Elasticsearch is a distributed search and analytics engine based on Apache Lucene. Initially released in 2010, it has quickly become the most popular enterprise search engine, and is commonly used for log analytics, full-text search, operational and security intelligence, business analytics, and metrics use cases. Built as a distributed system since its inception, Elasticsearch effortlessly scales to clusters of hundreds of servers. As part of a larger resiliency effort, Elasticsearch’s core cluster coordination and data replication algorithms have undergone major overhauls in recent years. The use of formal methods, with in particular TLA+, PlusCal and the TLC model checker, has extensively contributed to the goal of creating a much safer and resilient system. This presentation will provide an overview on the various uses of TLA + during the development of Elasticsearch:
We refined and validated an informal specification of the data replication algorithm that has been powering Elasticsearch since version 6, released in November 2017, by creating a TLA+ specification during the implementation effort. This algorithm, based on the primary-backup approach, enables high-throughput sharded data ingestion pipelines and has served as fundational work to build newer features such as cross-datacenter replication.

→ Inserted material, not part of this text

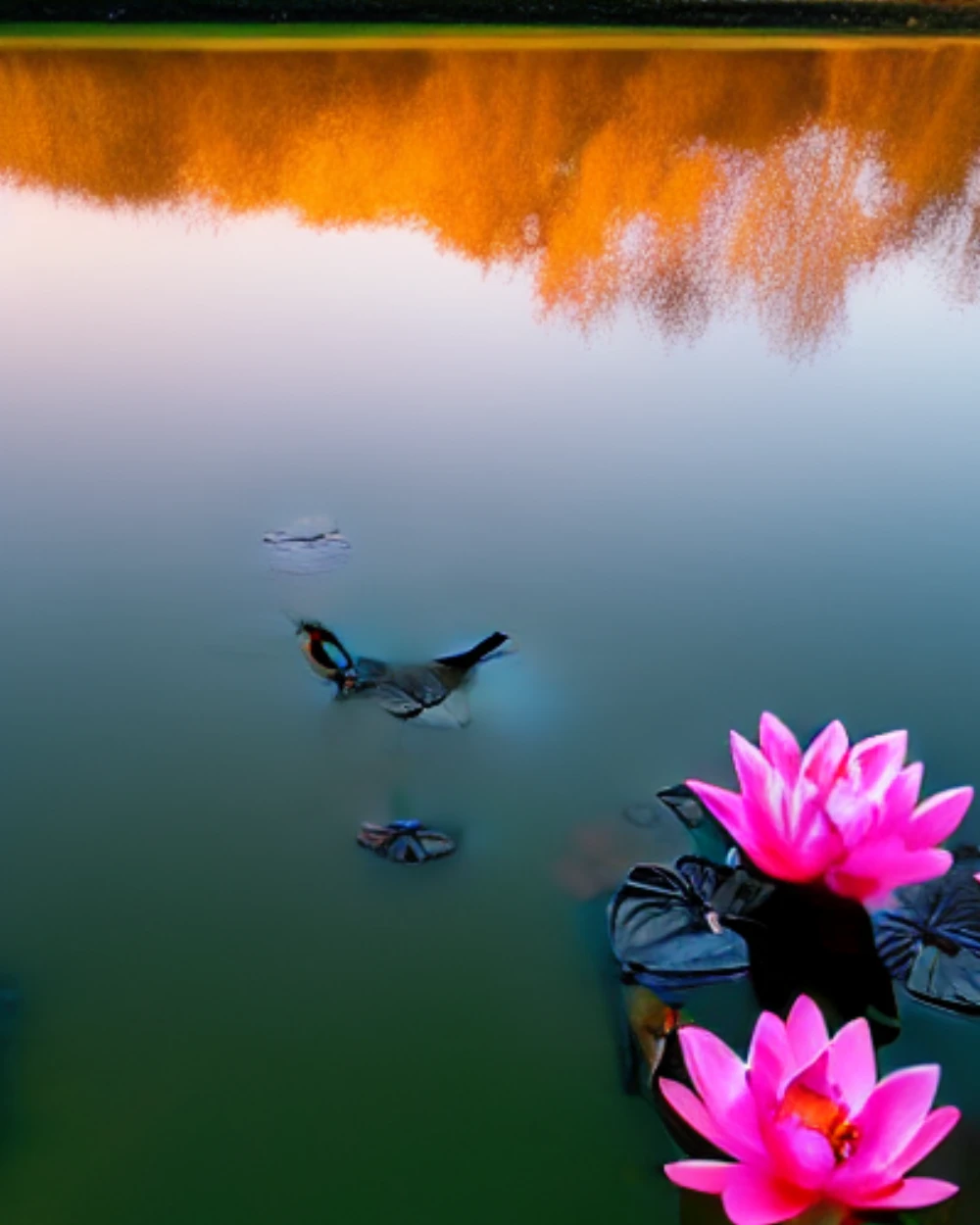 A pond with lily pads and blooming lotus flowers, A serene sunset over a calm ocean

We studied two bugs in a highly concurrent component that handles deletion tomb- stones and out-of-order writes under various optimizations. The implementation was mapped onto a PlusCal spec, which, with the use of the TLC model checker, led us to discover an additional unknown bug in the implementation, which we only later observed in the wild. The bug fixes were first prototyped using the PlusCal specification.

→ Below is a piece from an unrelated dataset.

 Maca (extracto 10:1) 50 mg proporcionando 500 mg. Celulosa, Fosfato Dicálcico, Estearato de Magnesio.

We designed a new cluster coordination subsystem and validated it with TLA + before starting off our implementation efforts. This new cluster coordination subsystem is powering all Elasticsearch clusters since version 7, released in April 2019. The TLA+ specification is modeling the core safety bits of the consensus algorithm with dynamic reconfiguration. The implementation of this core safety module has a direct one-to-one mapping with the TLA + specification.
Our chaos-monkey style test infrastructure discovered a bug in the cluster state storage layer that was related to the atomic persistence of state. This only surfaced through randomized testing after running for months on our CI infrastructure. The implementation was mapped onto a TLA+ model to rule out other such bugs. The TLC model checker was able to find this bug within seconds.